Les conditions de viabilité des stratégies individuelles de différenciation sont strictes et quasiment impossibles à réunir .
Deux conditions essentielles de viabilité de telles stratégies résident, l'une, dans le rationnement des clubs la mettant effectivement en oeuvre , l'autre, dans l'assurance d'un « juste retour ».
La première condition amène à souligner la nécessité de limiter le nombre des participants à la course aux armements à due concurrence du nombre des lots disponibles . La seconde condition conduit à mettre en évidence la nécessité de proportionner les gains des vainqueurs aux coûts engagés par eux .
Ces deux conditions sont nécessaires pour éviter des déséquilibres économiques structurels . Si le nombre des participants est excessif et si les gains des vainqueurs ne sont pas proportionnels aux coûts, alors aux pertes inévitables subies par certains s'ajoutera l'effet des rendements décroissants pour les « gagnants ». Dans un tel contexte, la course à la maximisation des recettes induit un processus de détérioration des résultats financiers.
Or, ces deux conditions paraissent quasiment impossibles à réunir. Dans une activité sportive ouverte telle qu'elle l'est en Europe, à l'inverse de la situation des ligues fermées américaines, et marquée par l'exercice de la liberté économique, on ne peut rationner les ambitions par application de quotas . On le peut d'autant moins que la seconde condition de viabilité énoncée conduit à offrir une garantie de proportionnalité des gains avec les coûts . Etant observé qu'une telle garantie ne peut tout simplement pas être offerte, ne serait-ce que parce qu'il faudrait réduire à néant l'incertitude sportive, et ce, de façon chronique, entreprise concrètement impossible, il faut encore souligner combien, comme toute assurance de rente , elle déclencherait les appétits de l'ensemble des agents économiques , réduisant à rien les efforts nécessaires de rationnement. En bref, les deux conditions sont contradictoires .
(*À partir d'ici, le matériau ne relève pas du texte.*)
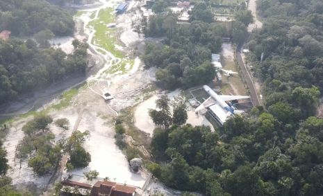 Imagens feitas na tarde deste domingo (2) mostram a Praia do Avião, local frequentado principalmente aos fins de semana na cidade. A diferença na paisagem pode ser vista se comparada com imagens captadas em julho, época em que o rio está cheio.

Il faut enfin prendre en compte la diversité des cadres nationaux de régulation et l'existence d'enjeux financiers et sportifs internationaux, qui sont d'ailleurs croissants. A supposer que les régulateurs nationaux parviennent, par impossible, à réunir les conditions nécessaires à la rationalité des stratégies de différenciation dans le champ de leur compétence, cet accomplissement laisserait sans solution le problème de la différenciation au niveau international, sauf à ce qu'un régulateur international entreprenne de le régler à ce niveau.
Presque impossibles à réunir, les conditions sous revue apparaissent également indésirables , comme contraires aux principes essentiels de fonctionnement du modèle européen du football et aux règles de la concurrence.
La tâche du régulateur collectif apparaît ainsi particulièrement malaisée .
Tout se passe comme s'il existait une relation d'incompatibilité entre maintien de l'aléa sportif et maintien des équilibres économiques d'un secteur où il est nécessaire de conduire des stratégies de différenciation mais également presque impossible, et incohérent, d'en assurer le succès.
Il est pourtant nécessaire d'agir afin de trouver une issue à cette incompatibilité. De fait, deux solutions théoriques semblent s'offrir . Opposant deux modèles divergents, elles possèdent des propriétés différentes.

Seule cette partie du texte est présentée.